My ancestor was nowhere near Little Big Horn, but he was a scout for Custer at the Washita River.
23
posted on
05/07/2012 5:43:01 PM PDT
by
Scoutmaster
(You knew the job was dangerous when you took it)
To: robowombat
"To claim an officer has a personality disorder because he is an aggressive battle captain is classic media BS. Custer may not have been a nice man according to today's PC mantras but one doesn't become a Major General at age 26 by being a fool or a head case." The Custer of the Civil War and the Custer of the Indian Wars seems to me to be two very different people. Men who served with him and loved him during the Civil War ended up hating his guts out West. His court martial in 1867 and his abandonment of Maj. Elliot at the Washita come to mind as two examples of actions that seem at odds with the Custer of the Civil War.
Was he a "head case?" Beats me. But when people who had known him for years turned against him that indicates something had definitely changed in the man.
24
posted on
05/07/2012 5:59:37 PM PDT
by
Flag_This
(Real presidents don't bow.)
To: Scoutmaster
"You would call it either the Battle of the Washita River or the Black Kettle Massacre depending on your view." FWIW, I don't believe Custer had a clue that Black Kettle was anywhere in the area. According to Capt. Albert Barnitz, the cavalry cut a trial identified by their scouts as "hostiles" because it lacked any dog tracks.
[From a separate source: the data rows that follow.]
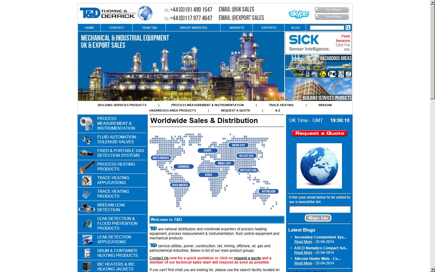 Thorne and Derrick Trace Heating - Underfloor heating design, process measurement, solenoid valves, biogas meters, leak detection, container heating products and various other related products.
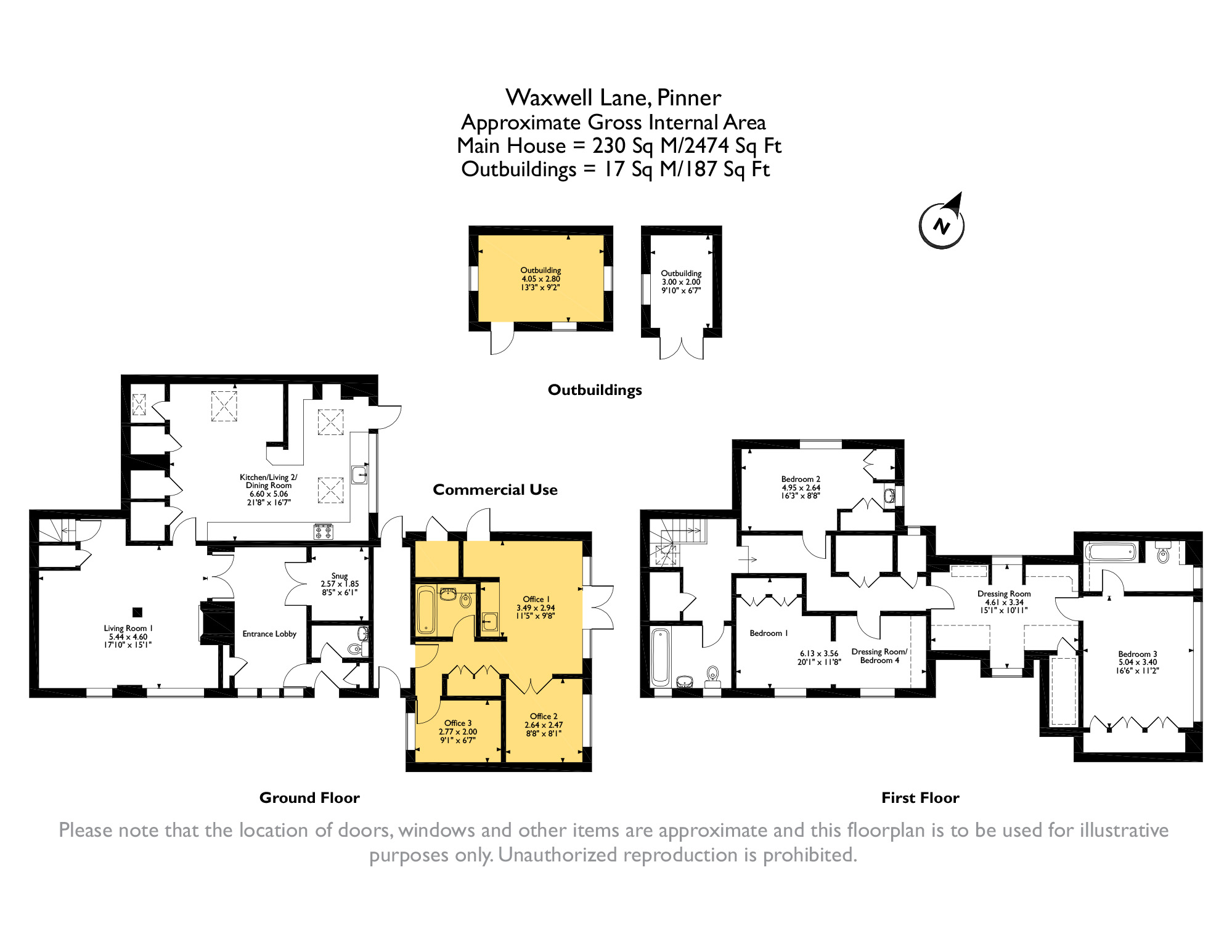 The ground floor of the main house comprises an entrance porch with a guest cloakroom, a grand entrance lobby with access to a snug which can alternatively be used as a study area. There is also a beautiful lounge with a feature fireplace and access to the first floor. Following on from the lounge is an impressive kitchen/dining/living room featuring a range of bespoke fitted units with integrated appliances, ample storage space and a sitting/dining area. The kitchen also provides access to the garden. To the first floor there is a light-filled landing with three useful storage cupboards, two double bedrooms benefitting from fitted wardrobes, one of which was originally two bedrooms and can easily converted back to create a fourth bedroom, and a family bathroom. Completing the first floor is a stunning master suite with an en-suite bathroom and a dressing room. The dressing room can also be utilised as a fourth bedroom. Additionally, the property has a separate area for commercial use that has its own entrance and consists of three offices with a kitchenette and a bathroom. There is potential to use this space as an annexe for guests and relatives or to integrate the space into the main house (STPP).
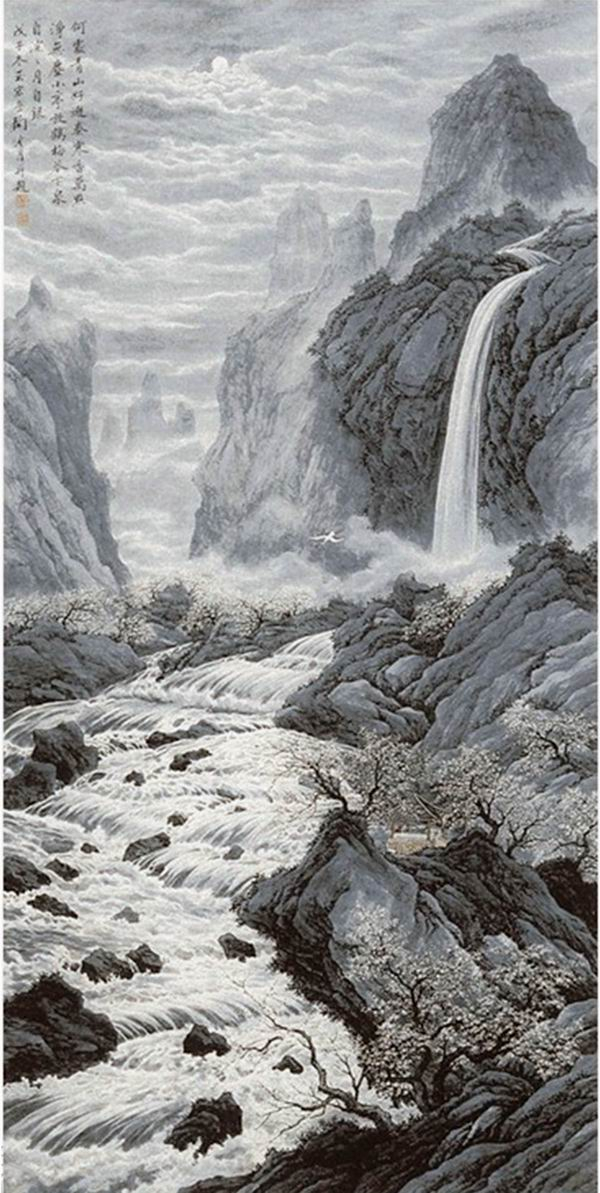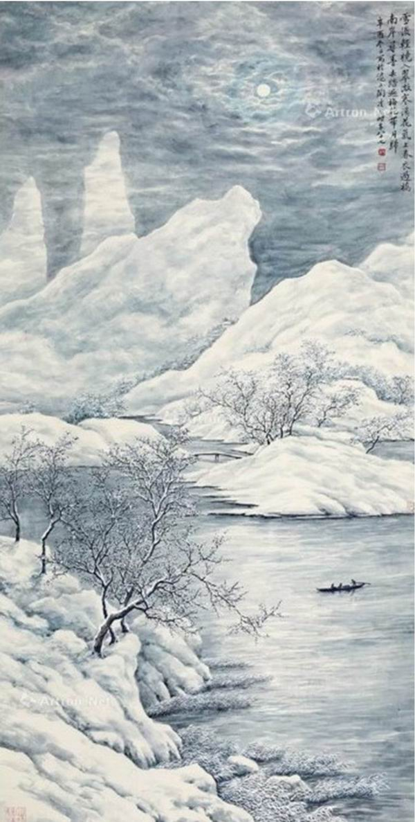 据此,经不断的摸索,他终于用传统没骨法在宣纸上绘出了明净的月,清澈的雪。
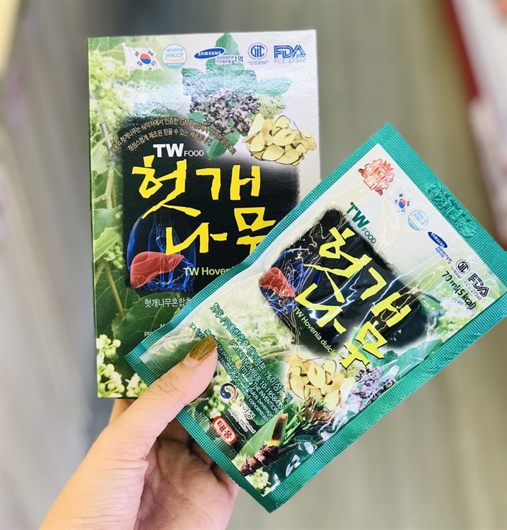 Thành phần: 50% hovenia dulcis thunberg. 10% táo đỏ hàn quốc , 10% câu kỳ tử. 10% Clycyrrhizae Radix, 10% Schizandra, 10% Cinnamon.
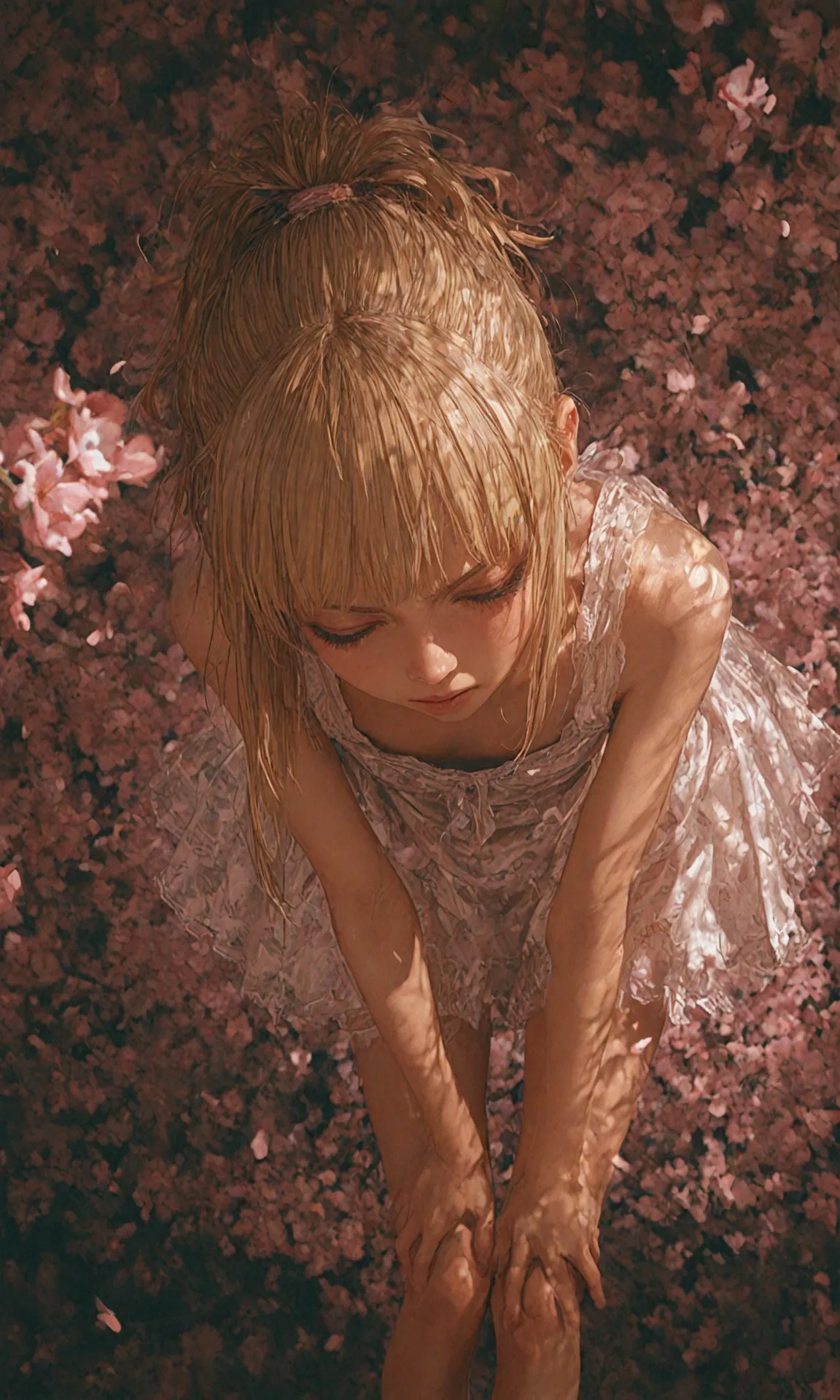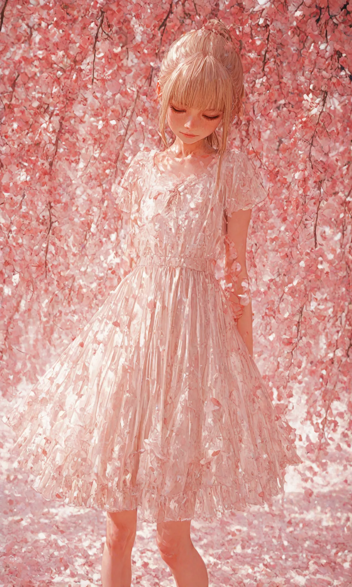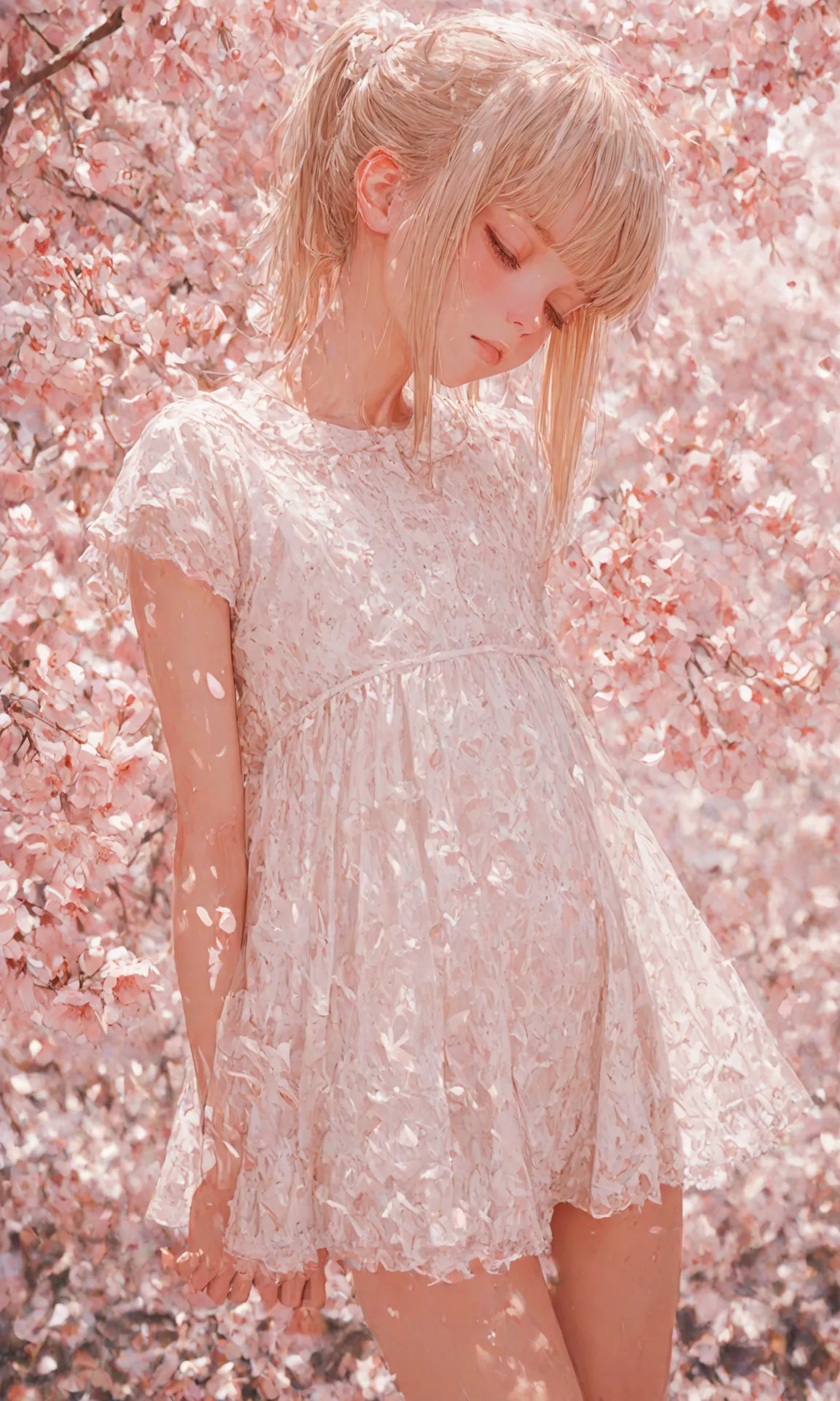 Under the blooming cherry trees, a blonde-haired girl sways gently in her white lace dress, blending with the falling petals. With eyes cast down, she harbors a precious memory, as the wind caresses her heart with dancing flowers. In this cherry blossom season, a small adventure unfolds—she recalls a lost promise and prepares to take a new step. The viewer can't help but imagine the story hidden in her gaze.
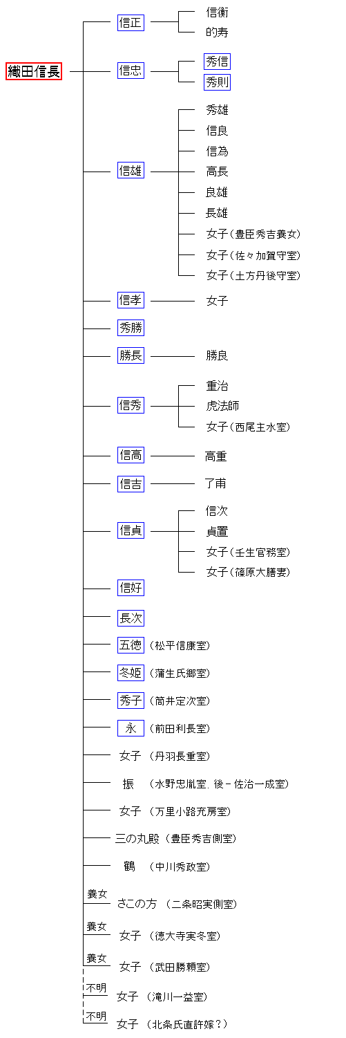 信正 信忠 信雄 信孝 秀勝 勝長 信秀 信高 信吉 信貞 信好 長次 五徳 冬姫 秀子 永 秀信 秀則 信長の末裔2 兄弟編へ
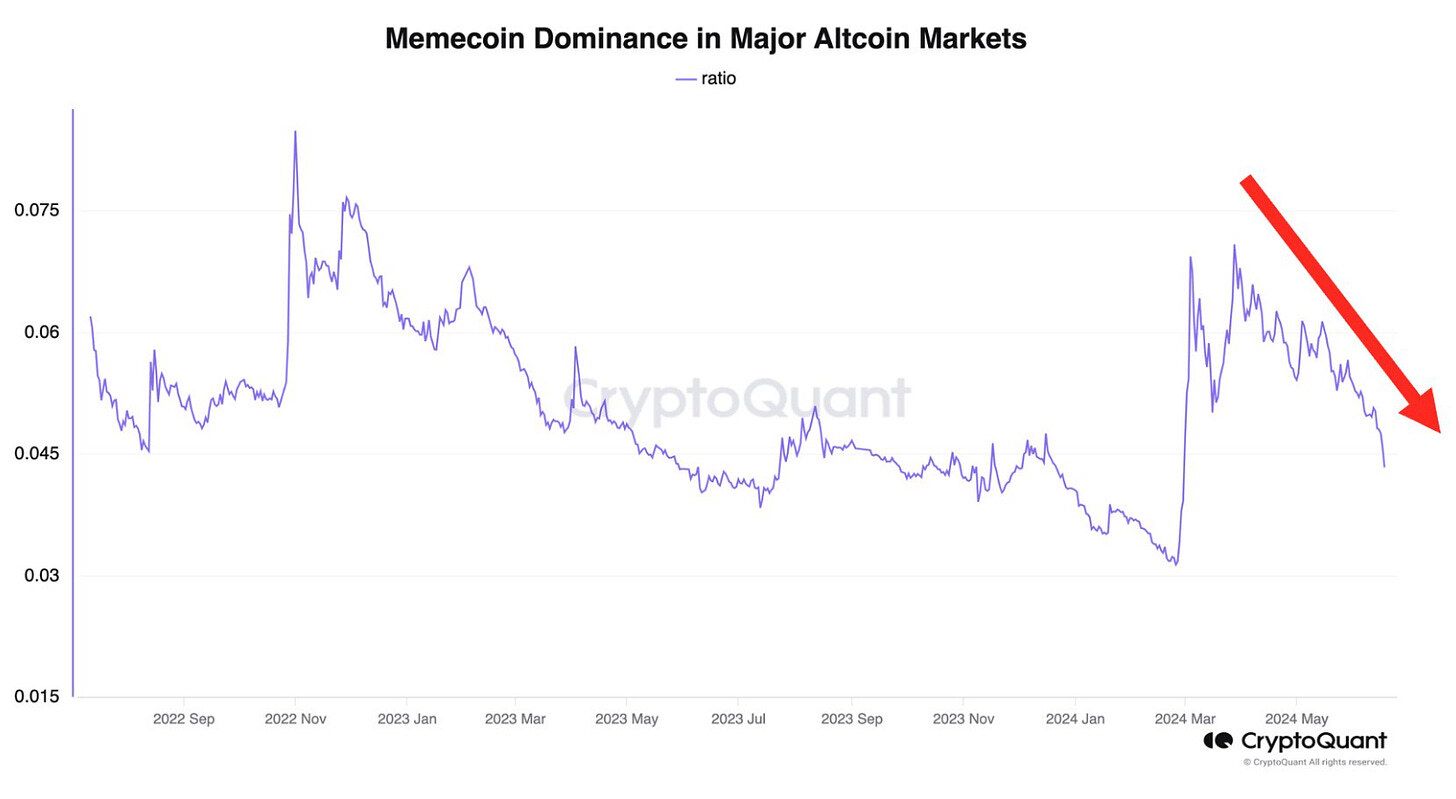 Ki Young Ju, que é o CEO da famosa plataforma de dados CryptoQuant, publicou no dia 19 de junho que a dominância das memecoins no mercado de altcoins está caindo rápido nas últimas semanas. A imagem que ele compartilhou foi essa, e calma que a gente já vai chegar lá.
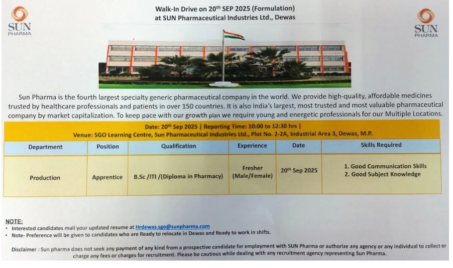 SUN PHARMA Walk-In Drive on 20th SEP 2025
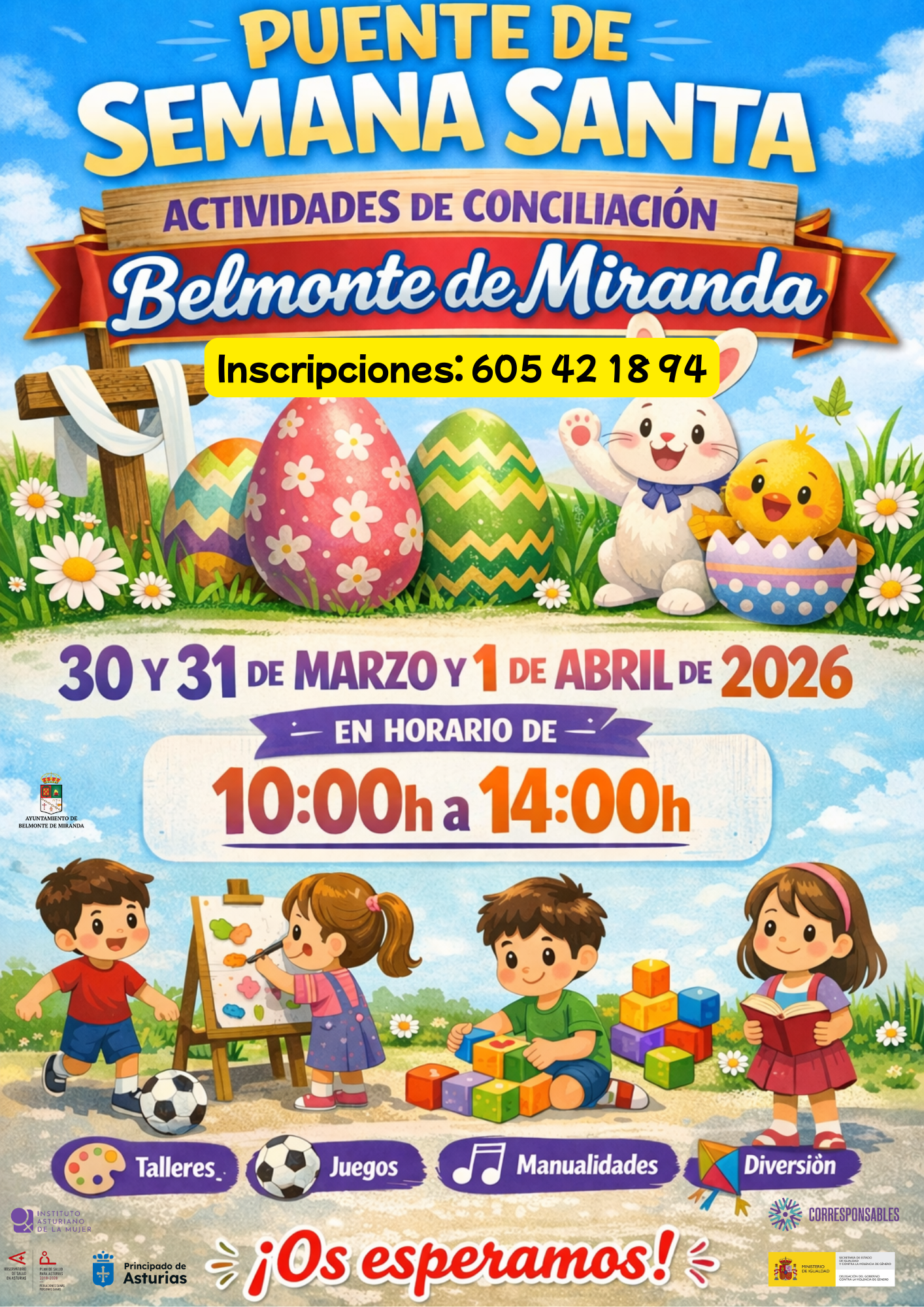 📢 Desde el Ayuntamiento de Belmonte de Miranda ponemos en marcha un espacio de conciliación durante el puente de Semana Santa dirigido a niñas y niños.

Apparently dogs did accompany hunting parties, but not war parties.
The cavalry column followed the trail through the night to an indian encampment and set up for their attack in the dark. They attacked at first light, so I doubt they even saw Black Kettle's U.S. flag until it was too late. Black Kettle may have been completely peaceful, but there were other hostile bands up and down the same river. Major Elliot could tell you. I don't for a second believe Custer and Co. deliberately set out to destroy a peaceful band of indians.
25
posted on
05/07/2012 6:25:22 PM PDT
by
Flag_This
(Real presidents don't bow.)
To: nickcarraway
26
posted on
05/07/2012 8:13:33 PM PDT
by
SunkenCiv
(FReepathon 2Q time -- https://secure.freerepublic.com/donate/)
To: Scoutmaster
I misunderstood your question. Why, I don't know. I call it the ‘Battle of the Washita’. There was plenty of fighting and the blow struck did both damage a major group of hostiles due more to killing the horse herd and burning property. Savage warfare as combat against tribal peoples was inadvertently appropriately called in the 19th century inevitably included deaths of numbers of technical non combatants. This was true on the steppes of Central Asia or the dry plains of south Argentina or the expanses of the American West.
To: gusty
Custers mistake started with his failure to follow Gen. Terrys orders.
Yes, Custer made quite a few mistakes but in his defense, sometimes officers must use initiative to take advantage of ever changing battlefield conditions.
The problem this time, Custer misread, disregarded accurate information and proceeded recklessly.
In my humble opinion, he was frustrated by the Indian guerrilla's tactics and believed wrongly this was his best chance to deliver a devastating blow to enemy and regain his glory of his Civil War years and end his career as the soldier who tamed the savage tribes.
Just my thoughts.
28
posted on
05/10/2012 3:48:05 PM PDT
by
RedMonqey
(Men who will not suffer to self govern, will suffer under the governance of lesser men.)